Kate Meadows is an independent journalist covering the mysterious disappearance of patients from a medical facility called Medea. She’s accompanied by her cameraman Duke and the two of them investigate just what has been going on. A clinician secretly agrees to meet with them and tells them that the facility has been using humans as test subjects to develop biological weapons using a contagion. Kate wants to investigate further and tries to extract a confession from the head of the centre – a Dr Williams (also known as the Dick for obvious reasons), but her efforts go to waste.
Soon there are reports of people getting sick, the police start to cordon off the roads and there’s talk of a government evacuation. All has gone downhill terribly fast with Kate and Duke still trying to get to the bottom of the story and understand just what is happening in their city.
Spinks has managed to fuse together the found footage medium and conventional cinematic storytelling. It works to a certain degree; there are live action sequences, harsh cuts and documentation of the unfolding events which are quite realistic. With a better budget, the police might have looked believable along with other bizarre scenarios and random characters which appeared from nowhere, but came from everywhere. We have to remember that this film was made for just £5000 (and before Extinction). With a good imagination and a sense of humour, it’s watchable, despite some overlong and unnecessary scenes.
Speaking with Adam after the UK premiere he was able to explain his reasons behind the style of Survivors.
“One storyline follows the other and one begins where the other one ends. For us it was narratively motivated and we hadn’t seen it done before, so we thought we’d give it a go. It was a conscious choice to go choppier at the beginning, then we defined the scenes so that you don’t see the joins much and the sections become longer too. We didn’t want it to be choppy all the way through. It was a deliberate decision to divide the stories until hopefully people realised that the beginning was the end.”

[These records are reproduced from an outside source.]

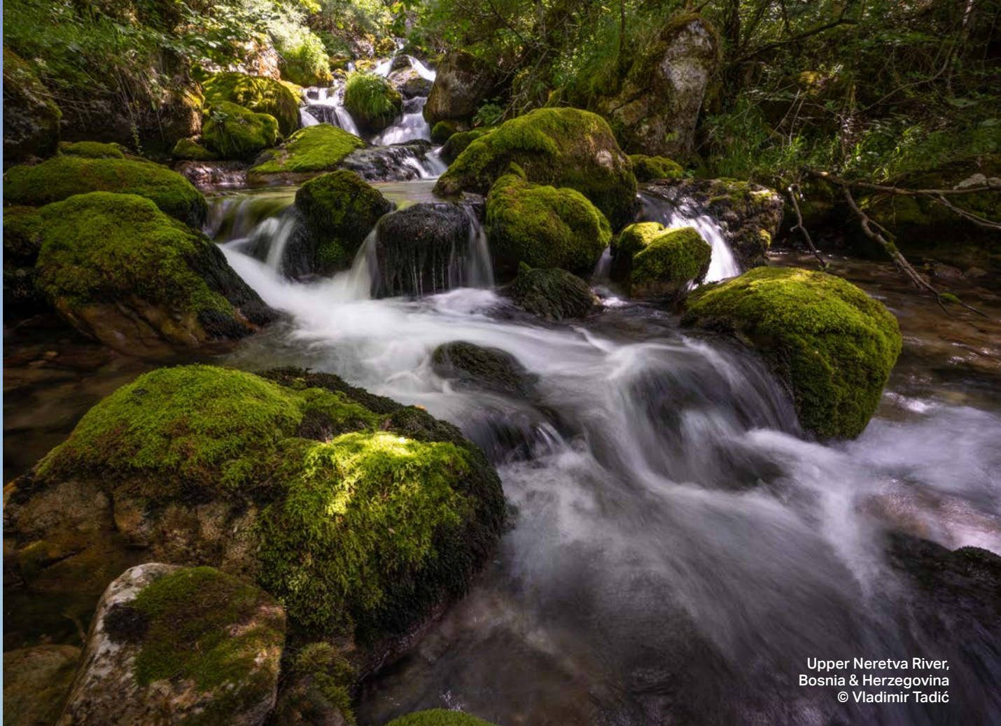
Upper Neretva River, Bosnia & Herzegovina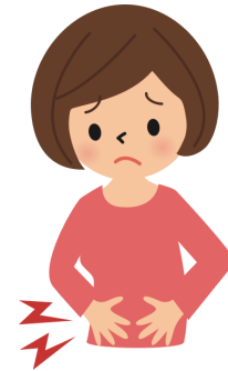
a stomach ache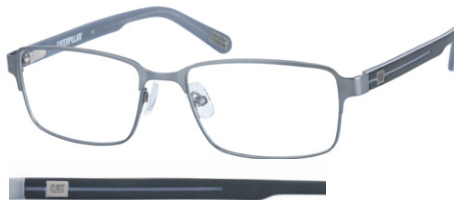
CTO-MILLWRIGHT-005 Matte gun / Matte black and gloss grey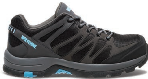
Grey/Blue W10580 Composite-Toe

You do get a sense of Spinks’ deliberate style choice. Locked off shots provide the peace and tranquillity needed after all of the choppy action. Narratively speaking, these are the moments where characters are made to reflect on what has happened in the last few hours, how they’ve lost loved ones and how they fear for their own life. It’s touching but all the same pragmatic. There’s no room for overacting here, and perhaps it is truly British in the sense that we don’t tend to let it rip so much.

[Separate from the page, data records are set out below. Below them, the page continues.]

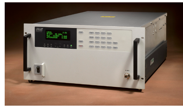
CPI 250/320 W S/C-band TWTA, Model VZSC6963J2

Backed by over 40 years of satellite communications experience, and CPI's worldwide 24-hour customer support network that includes more than 20 regional factory service centers.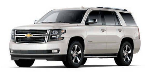
CHAMPAGNE SILVER METALLIC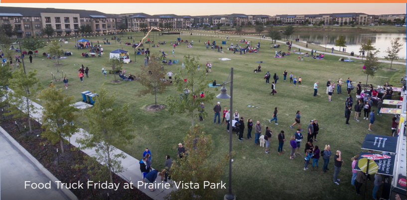
Food Truck Friday at Prairie Vista Park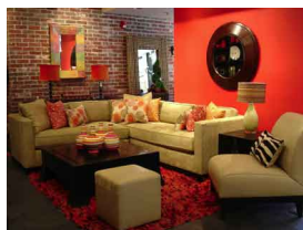
Boulder | Pearl Street East 1999

HW Home. Avoiding the "Phoebe" Syndrome.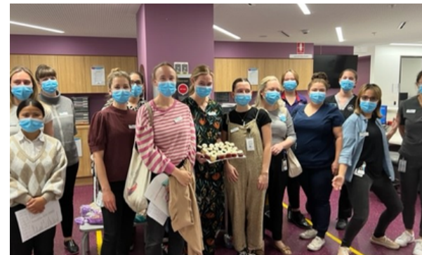
Sunshine Hospital - Yellow ANC MW team

The C*STEROID trial has been rolling out in Australia, and we would like to extend a warm welcome to all our new sites.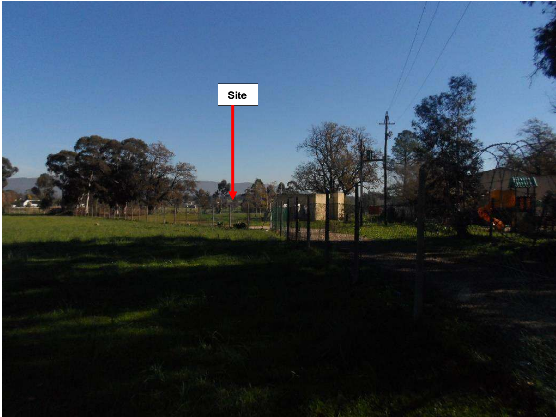
Figure 2: A view of the proposed site (red arrow), looking in a north-western direction. Dal Josafat Primary School sports field can be seen to the north of the proposed site. The access road is to the right.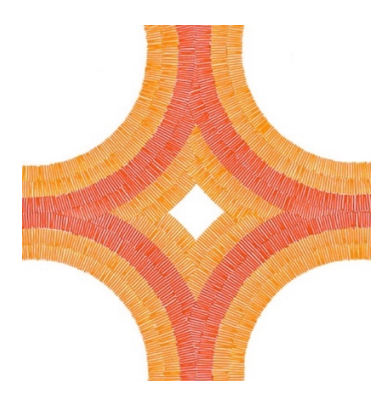
Robert Lansden, Wheel of Time 1 (detail), 2020 watercolor on paper, 38h x 38w in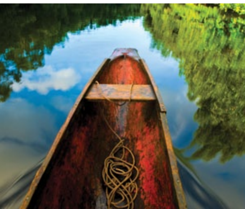
The bow of a dugout canoe glides through coastal waters where land and sea intertwine in a tangle of mangrove forests that encircle the islands of Micronesia.

Targeting is the process of directing incentives to specific actors to motivate them to undertake activities that contribute to program goals. Targeting helps to maximize desired results when resources are limited and can be used to enhance a mechanism's effectiveness at achieving its goals and purpose, whether those are defined by emissions reductions, area conserved, poverty reduction or number of people benefiting from the mechanism.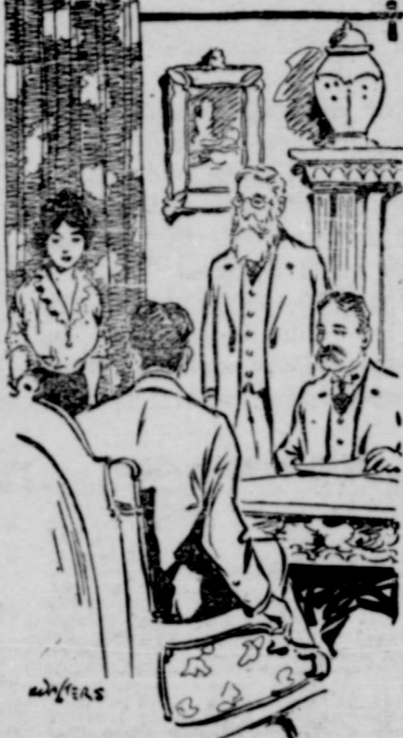
The Most Beautiful Girl That Johnson Had Ever Seen.

(Copyright, 1915, by W. G. Chapman.) "Your lordship, this gentleman is Mr. Johnson," announced the agent. Lord Clavering rose slowly out of his chair and bowed. Johnson noticed that it did not occur to him to extend his hand. The old man, with his white, flowing beard and flashing eyes, his bowed shoulders and sense of being one with the historic past of his race, presented a pitiful spectacle. "Sit down, sir," said Lord Clavering. "Mr. Jones," he added, to the agent, "will you please call Lady Elinor?" But it was not necessary for the agent to stir, for at that moment there came into the room the most beautiful girl that Johnson had ever seen. "This gentleman is Mr. Johnson," said Lord Clavering to his daughter, and Lady Elinor bowed. Again Johnson noticed that it did not occur to her to extend her hand. The agent cleared his throat. "Hum! This is a little—painful, your lord-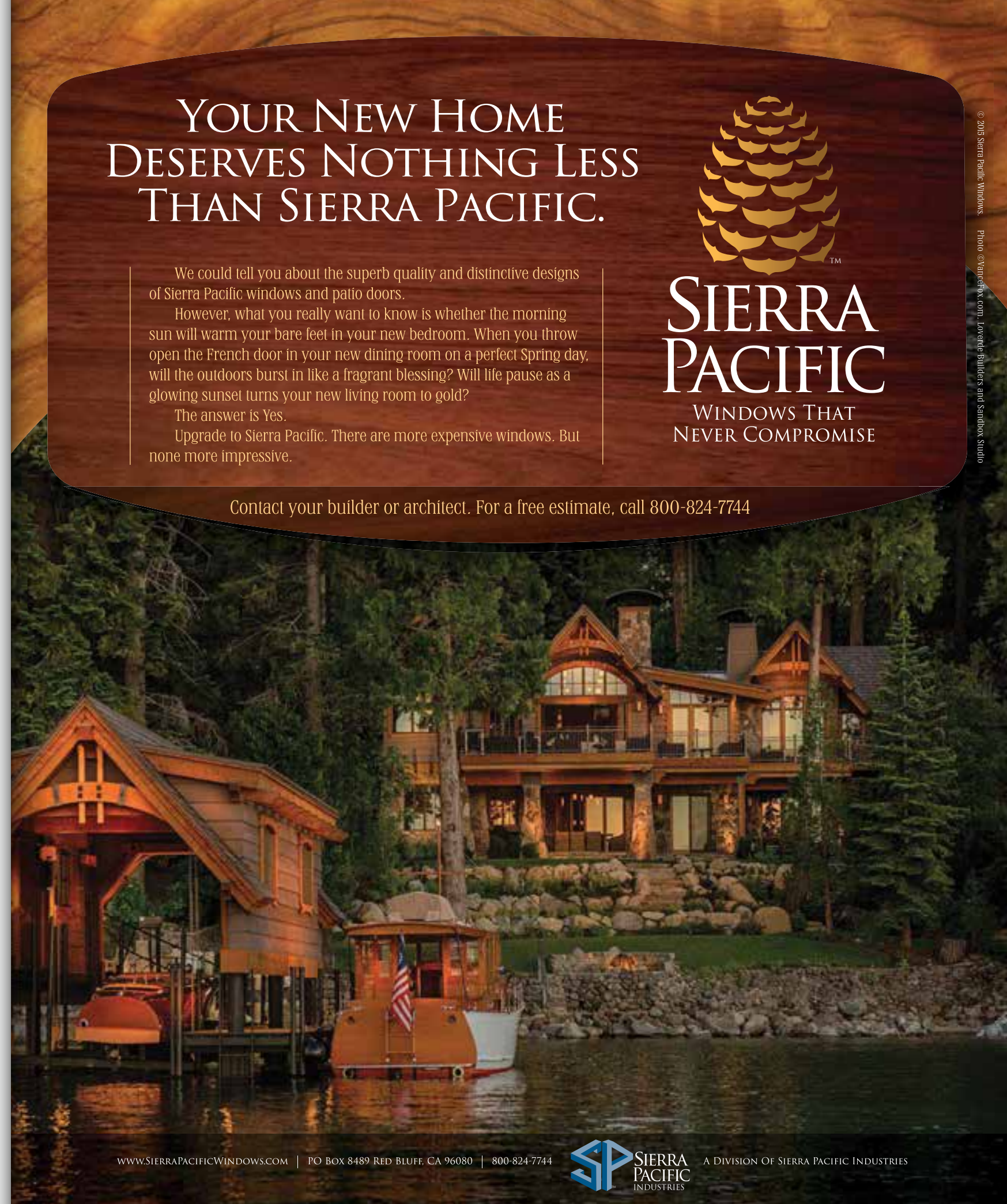
© 2015 Sierra Pacific Windows. Loveland Builders and Sandbox Studio

Contact your builder or architect. For a free estimate, call 800-824-7744

Survivors focuses on the drama, it’s not really a horror but rather a selection of genres the director has had fun experimenting with. Chasing Adam up on the subject of found footage and whether he’d do another, he replied,
“I’m done for now. I think you can exhaust found-footage. I suppose it lends itself to being a bit of a moronic medium and you get a lot of people doing stupid things, so I liked doing the blend here because we were able to make more intelligent decisions with our storytelling. You don’t want to be that guy who makes found footage forever. I’m proud of this movie and it is better than anything I’ve done before. The next one will be cinematic.”
Adam Spinks is about to start working on another survivalist horror movie based in Scotland, he excitedly chuckles “It has a really cool monster in it which I can’t tell you about at the moment.”